Most of the instructions below are for benchmarking and testing block aligner.

## Data
Some Illumina/Nanopore (DNA), Uniclust30 (protein), and SCOP (protein profile) data are used in some tests and benchmarks.
You will need to download them by following the instructions in the [data readme](data/README.md).

## Test
1. `scripts/test_avx2.sh` or `scripts/test_wasm.sh`

CI will run these tests when commits are pushed to this repo.

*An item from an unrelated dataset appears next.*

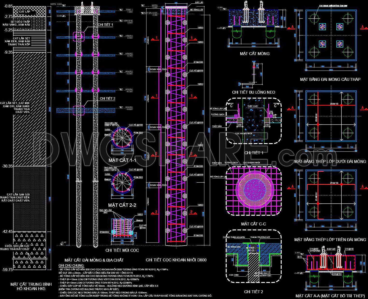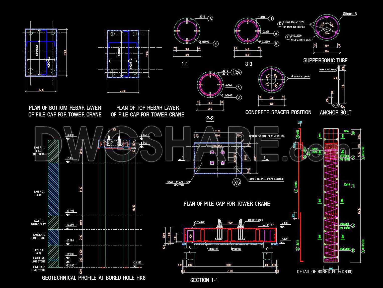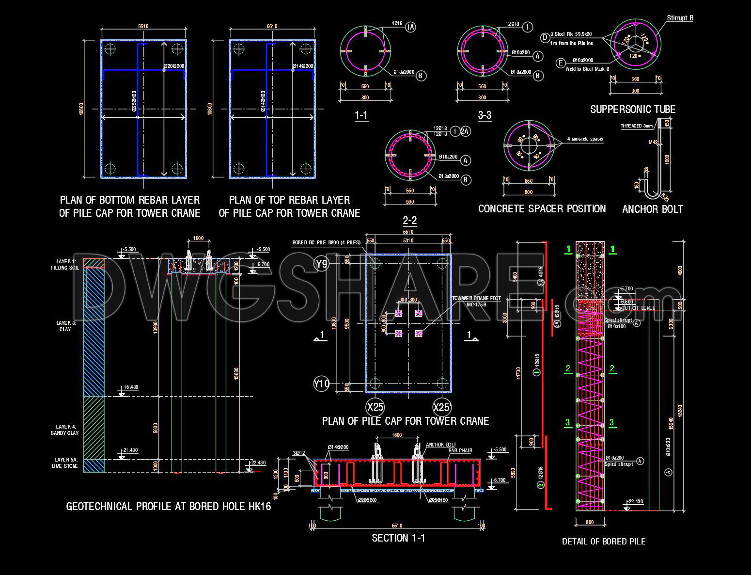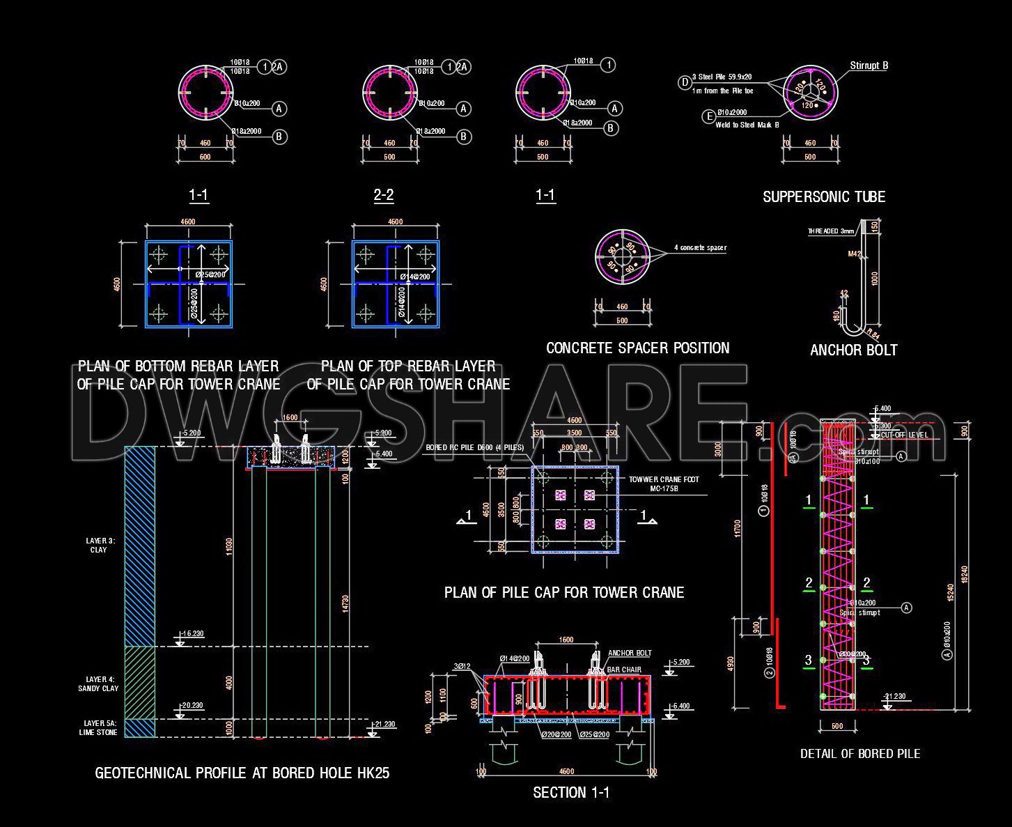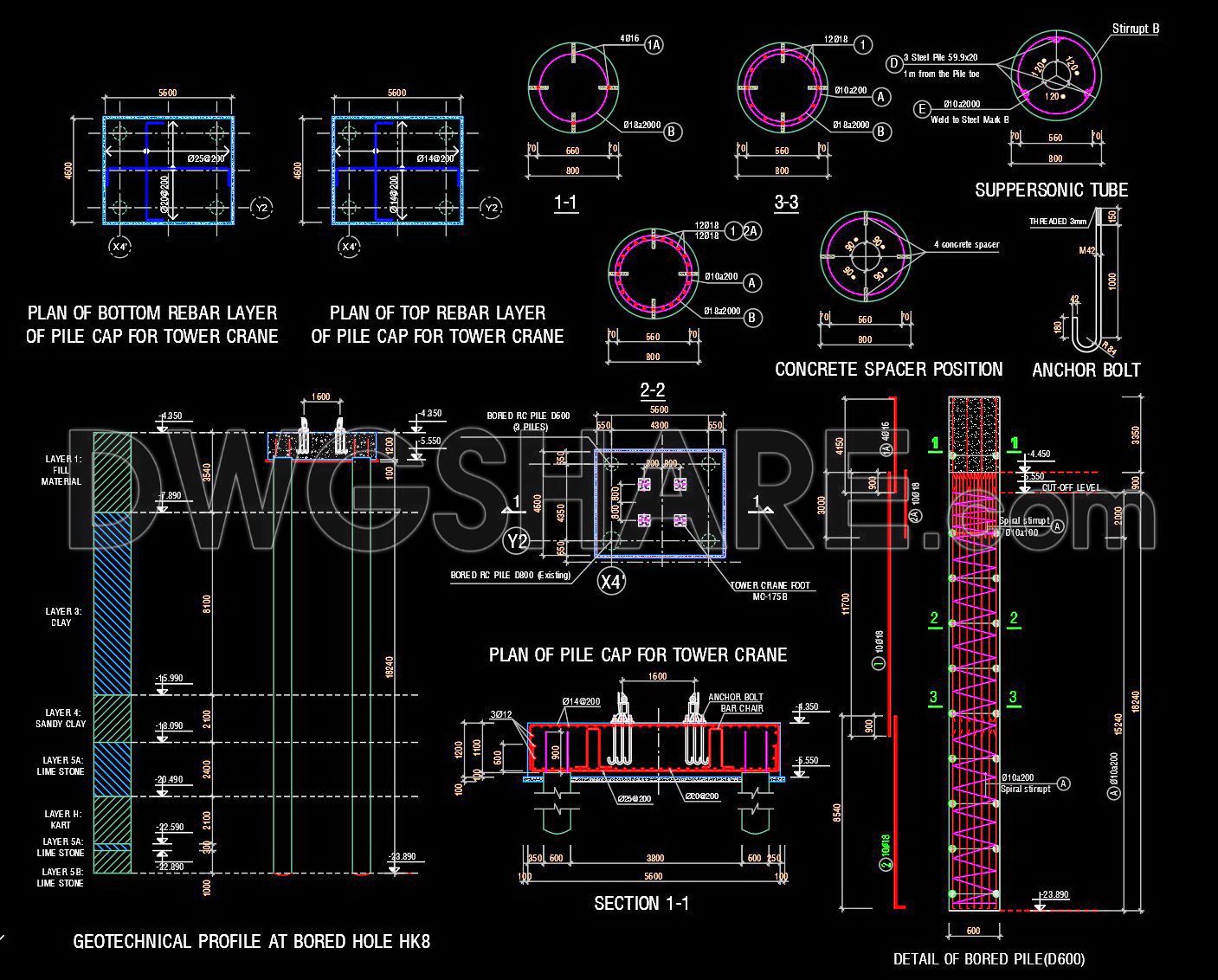40. Free Download CAD Drawings of Tower Bridge Foundation Method with Bored Piles

For assessing the accuracy of block aligner on random data, run `scripts/accuracy_avx2.sh`,
`scripts/x_drop_accuracy_avx2.sh`, or `scripts/accuracy_wasm.sh`.
For Illumina/Nanopore or Uniclust30 data, run `scripts/nanopore_accuracy.sh` or
`scripts/uc_accuracy.sh`.

For debugging, there exists a `debug` feature flag that prints out a lot of
useful info about the internal state of the aligner while it runs.
There is another feature flag, `debug_size`, that prints the sizes of blocks after they grow.
To manually inspect alignments, run `scripts/debug_avx2.sh` with two sequences as arguments.

## Docs
1. `scripts/doc_avx2.sh` or `scripts/doc_wasm.sh`

This will build the docs locally.

## Compare
Edits were made to [Hajime Suzuki](https://github.com/ocxtal)'s adaptive banding benchmark code
and difference recurrence benchmark code. These edits are available [here](https://github.com/Daniel-Liu-c0deb0t/adaptivebandbench)
and [here](https://github.com/Daniel-Liu-c0deb0t/diff-bench-paper), respectively.
Go to those repos, then follow the instructions for installing and running the code.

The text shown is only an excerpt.